Донбасский декамерон - Олег Витальевич Измайлов
В 1943 году Довженко поставил «Битву за нашу Советскую Украину» – картину, которая только по внешним признакам являлась документальным фильмом, а на самом деле была хотя и несколько эклектичным, но довольно живым, необычным для советского кино, несущегося в шорах пропаганды, произведением. В нем были и интервью, и хорошая музыка, и грамотный сюжет, и даже немецкая кинохроника. Картину хвалили, ставили в пример.
В том же году Довженко предложил Хрущеву идею ордена Богдана Хмельницкого за полководческие таланты. «Хрущев согласился с этой моей идеей с удовольствием», – не без тщеславия записал Александр Петрович в дневнике.
А потом вдруг появилась «Украина в огне», которая еще на уровне сценария подверглась беспощадной критике. По телефону Хрущев отчитал Довженко за «беспринципное и вредное» произведение – и этого хватило, чтобы режиссер немедленно впал в отчаяние.
«Грустно и тоскливо мне недаром, – писал Довженко в дневнике. – Сегодня я наконец поговорил по телефону с Хрущевым, который приехал из Киева в Харьков. Было довольно плохо слышно, и я не все разобрал как следует. Но то, что я услышал, и тот тон, полный возмущения и гнева, которым со мной разговаривали, и те обвинения, которые мне были предъявлены Н.С., окончательно расстроили и прибили меня.
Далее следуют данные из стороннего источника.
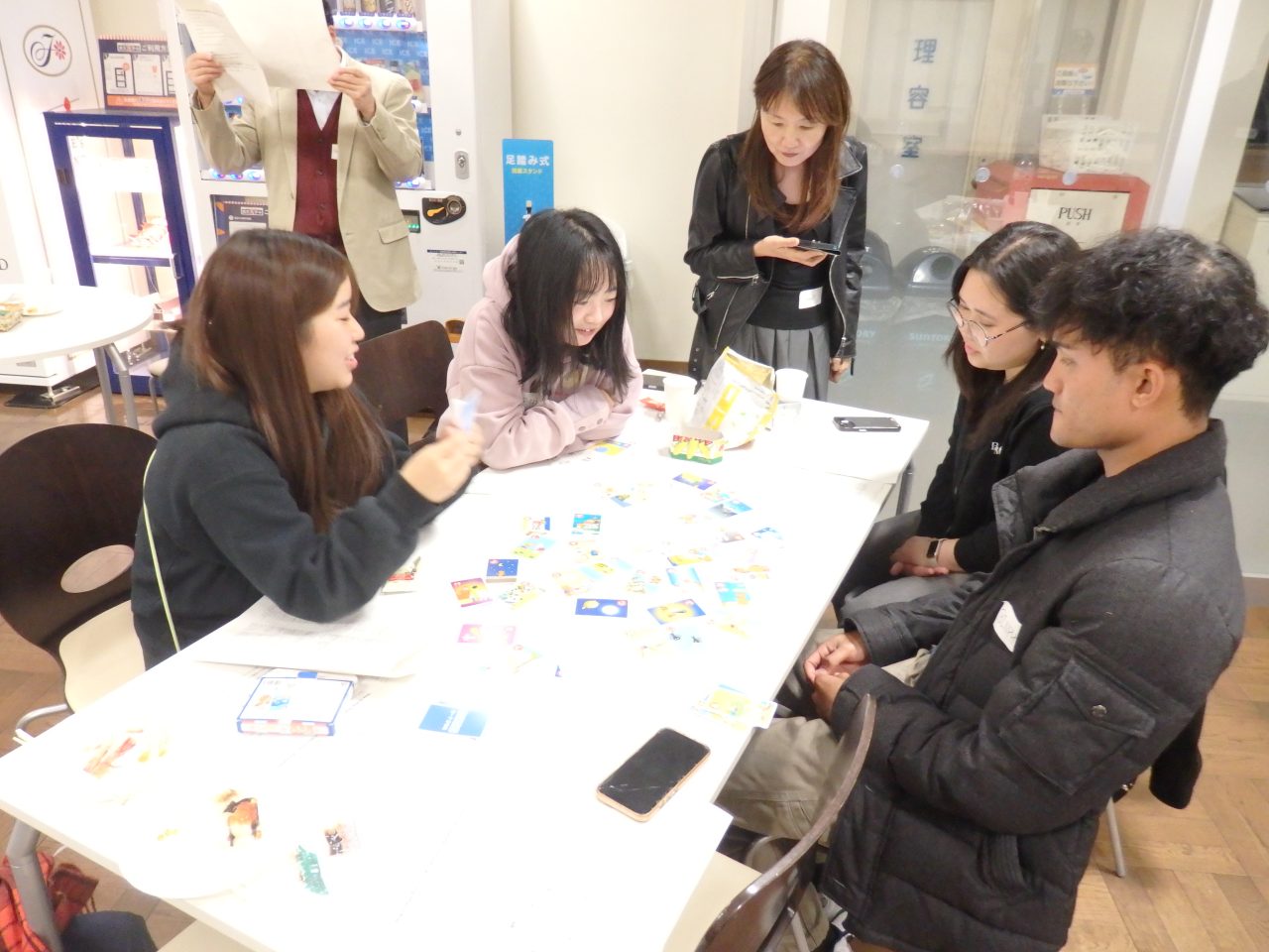 後期の交流会では、留学生による母国紹介、そして日本文化の発信として「かるた」を実施しました。今回使用したかるたは日本のことわざを題材としたもので、ゲームを楽しむだけでなく、本学部学生が外国人留学生にことわざの意味を説明したり、留学生が自国語の類似表現を紹介したりと、参加者全員が互いに学び合いながら交流を深める機会となりました。
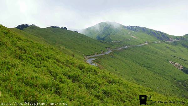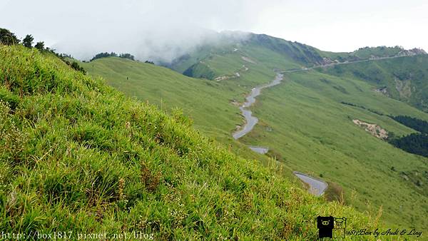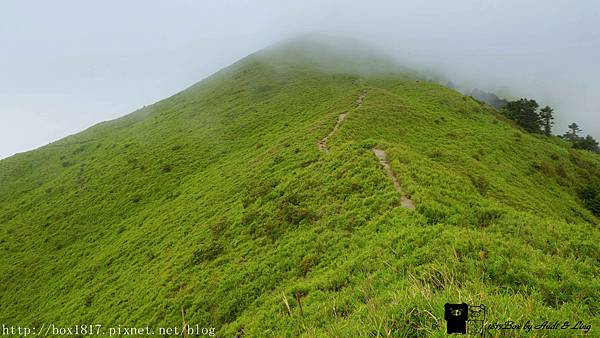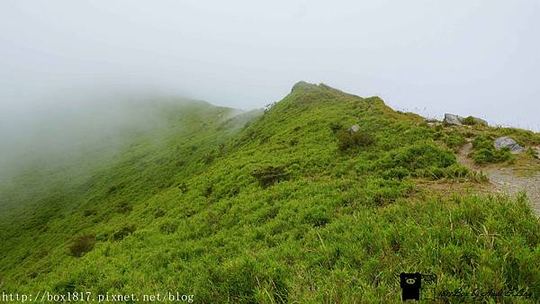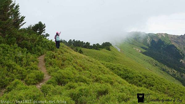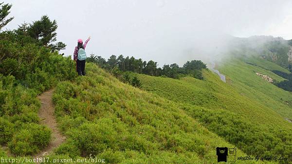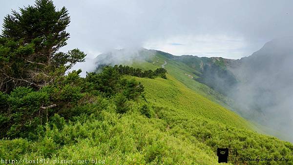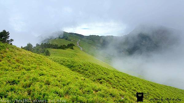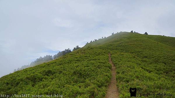 合歡南峰步道沿著稜線向南延伸,視野極佳,箭竹草坡綿延不絕,讓人想躺在草坡上日光浴,
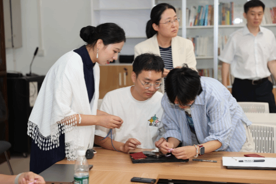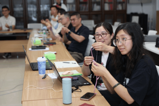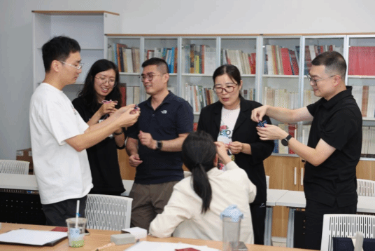 此次活动为每位教职工配备了专业定制的“曾氏盘扣”材料包。制作过程中,教职工们热情高涨,纷纷动手实践。大家专注投入,遇到难题及时向讲师请教,彼此间也相互交流经验、分享心得。原本看似复杂的盘扣,在大家的巧手下逐渐成型。从最初的生疏摸索,到后来的熟练操作,现场氛围温馨而热烈。当一枚枚精致的盘扣制作完成,教职工们脸上满是成就感,纷纷展示自己的成果,定格这一美好时刻。
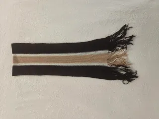 Bufanda de lana con un diseño de rayas. - Material: Lana - Diseño: Rayas verticales - Colores: Marrón y blanco
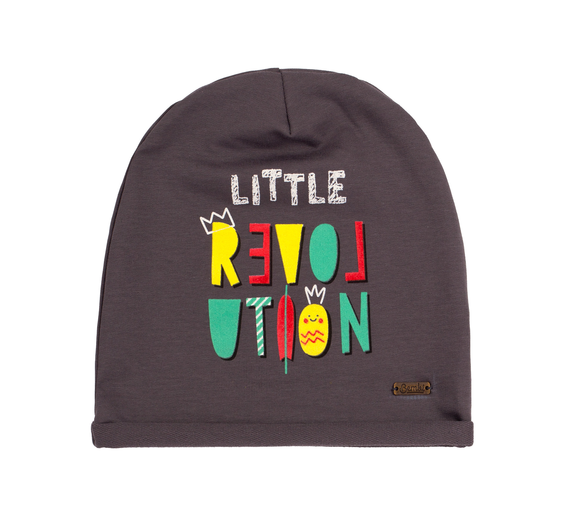 Трикотажна сіра дитяча шапочка для хлопчика. Прикрашена стійким яскравим принтом. По краю має заворот виворітньою стороною тканини. Зручна та легка шапочка на весну, осінь та холодні дні літа.
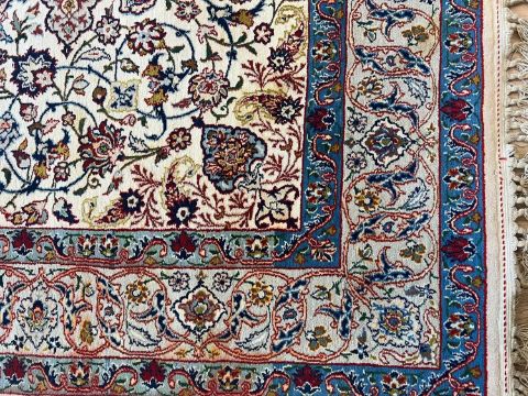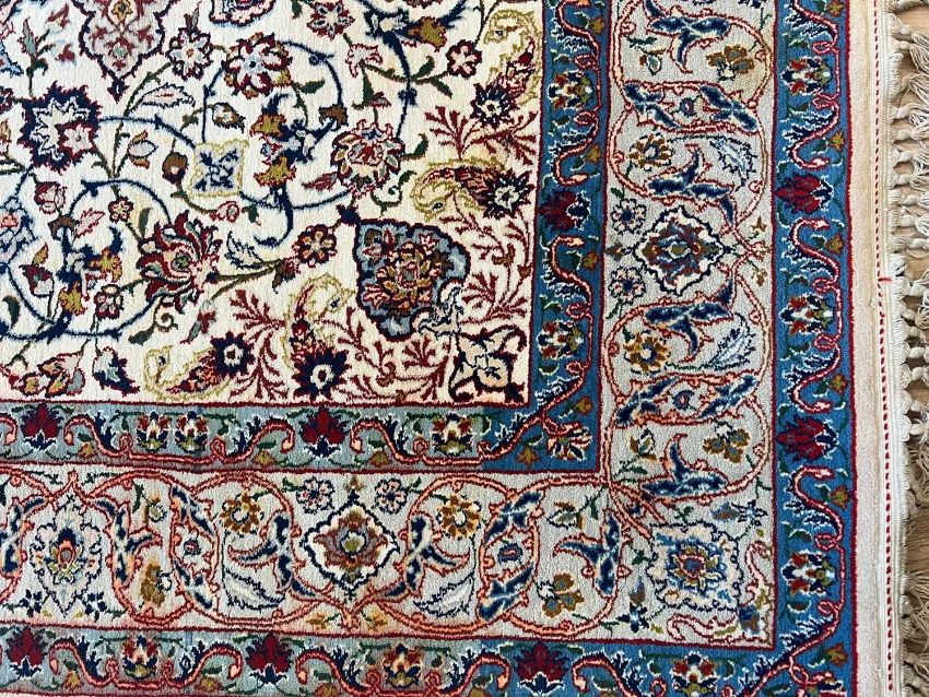 A FINE PART SILK ISFAHAN CARPET, NORTH WEST PERSIAthe Persian rug with central medallion on a cream ground, in blue, red and sage green, with fringe to ends,161cm x 108cm
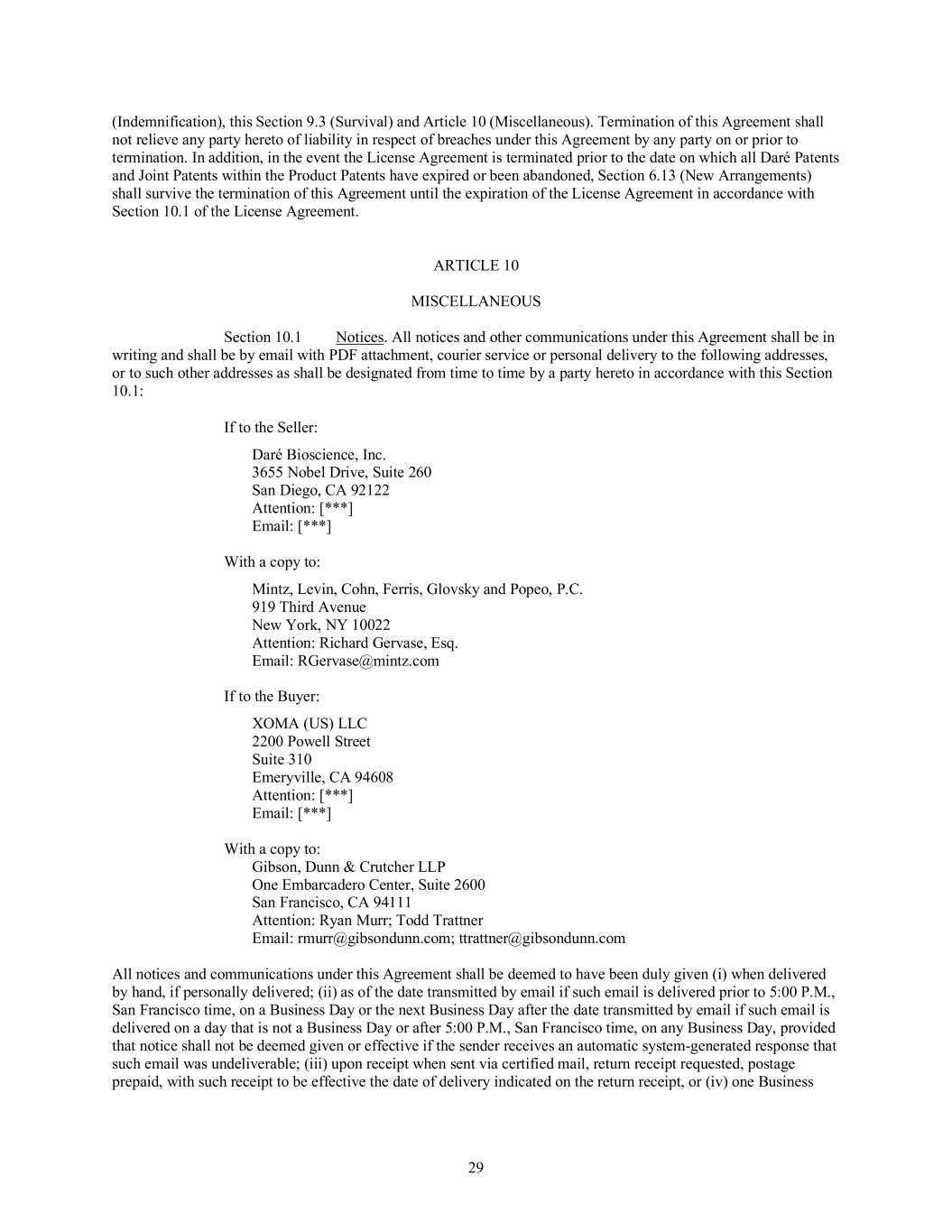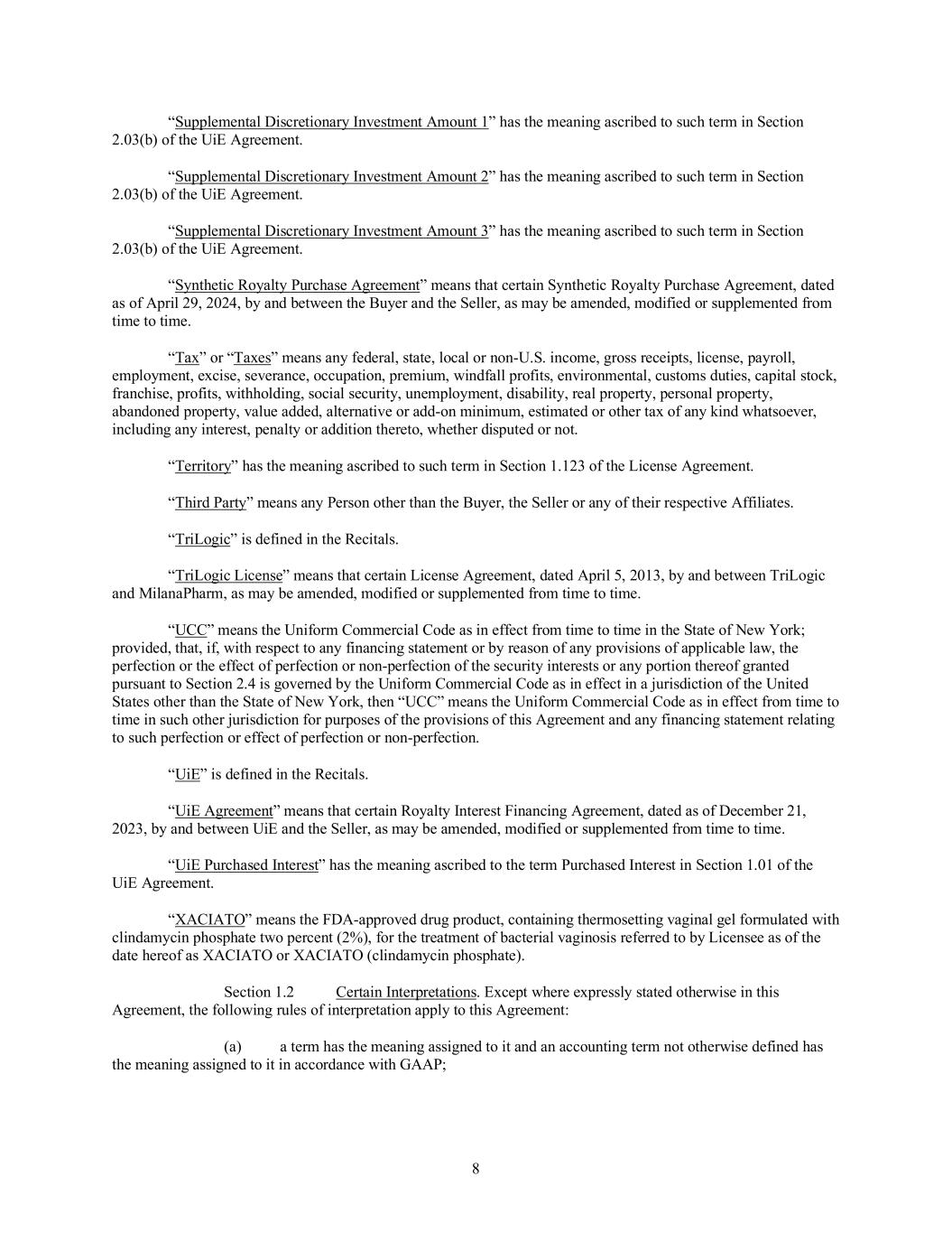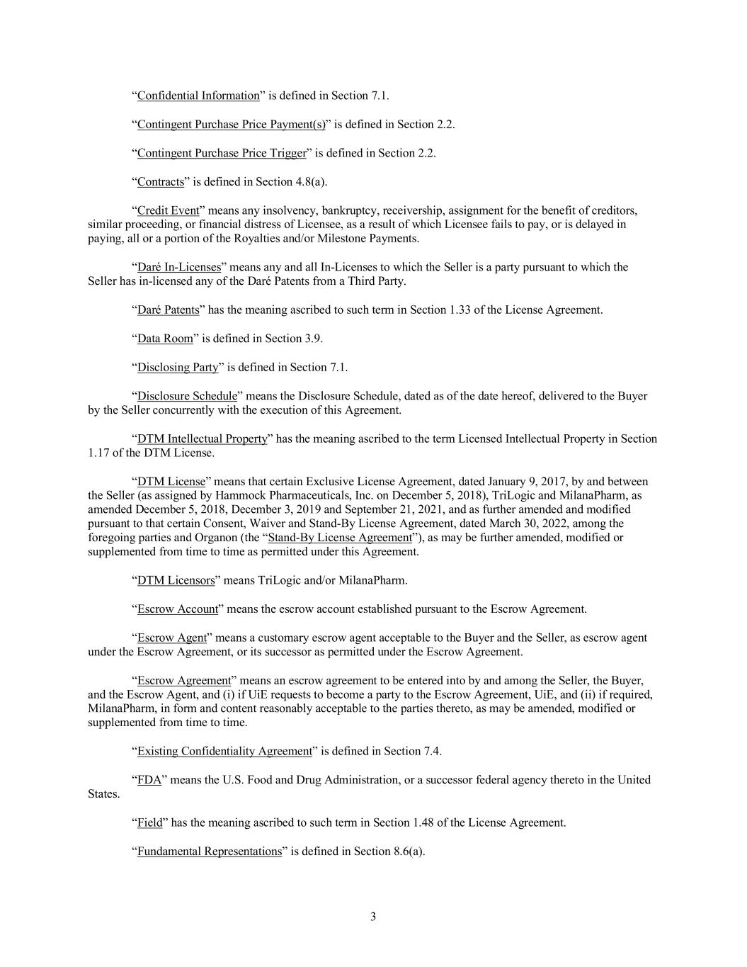•Termination by a collaborator of our respective out-license agreements for commercialization of XACIATO™ (clindamycin phosphate) vaginal gel 2%, or XACIATO, and Ovaprene®, or, in the case of Ovaprene, a decision by the collaborator not to make the license grant fully effective following its review of the results of the ongoing pivotal clinical trial of Ovaprene;

Оказывается, я обманул Н.С., я написал в “Украине в огне” что-то враждебное по отношению к народу, партии и правительству, которое я возмутил своими грубыми враждебными выпадами. Ответственные товарищи, которые читали мою писанину, с отвращением пожимают плечами, не понимая, как это Александр Петрович мог написать такое. Я оскорбил Богдана Хмельницкого, я наплевал на классовую борьбу, я проповедую национализм и так далее.
Я слушал Н.С. и думал: не мог я и никогда не смогу ничего причинить вредного Сталину, уже хотя бы из-за того, что обязан ему своей жизнью; если же я в каких-то формулировках или даже мыслях и ошибся, то ошибаюсь ведь не я один. Ошибаются и на войне, и в политике, и даже в комбайнах. Я не против классовой борьбы и не против жестокой расправы с изменниками отчизны. И это не я обижал Богдана».
Не понравилась «Украина в огне» и на самом верху. Команды на крайние меры не было, но Хрущев решил перестраховаться. И Довженко начали зажимать.
Его отстранили от режиссуры, сняли со всех общественных постов, дали самую маленькую ставку на киностудии («я получаю, как гример», – отмечал режиссер в дневнике), с ним перестали общаться большинство украинских «мытцив» (творцов. – Авт.). Александру Довженко было приказано оставаться в Москве вплоть до специальных распоряжений. Запрет появляться на Украине он тяжело переживал – очень любил свою малую родину.
В чем же была причина такого неласкового отношения советской верхушки?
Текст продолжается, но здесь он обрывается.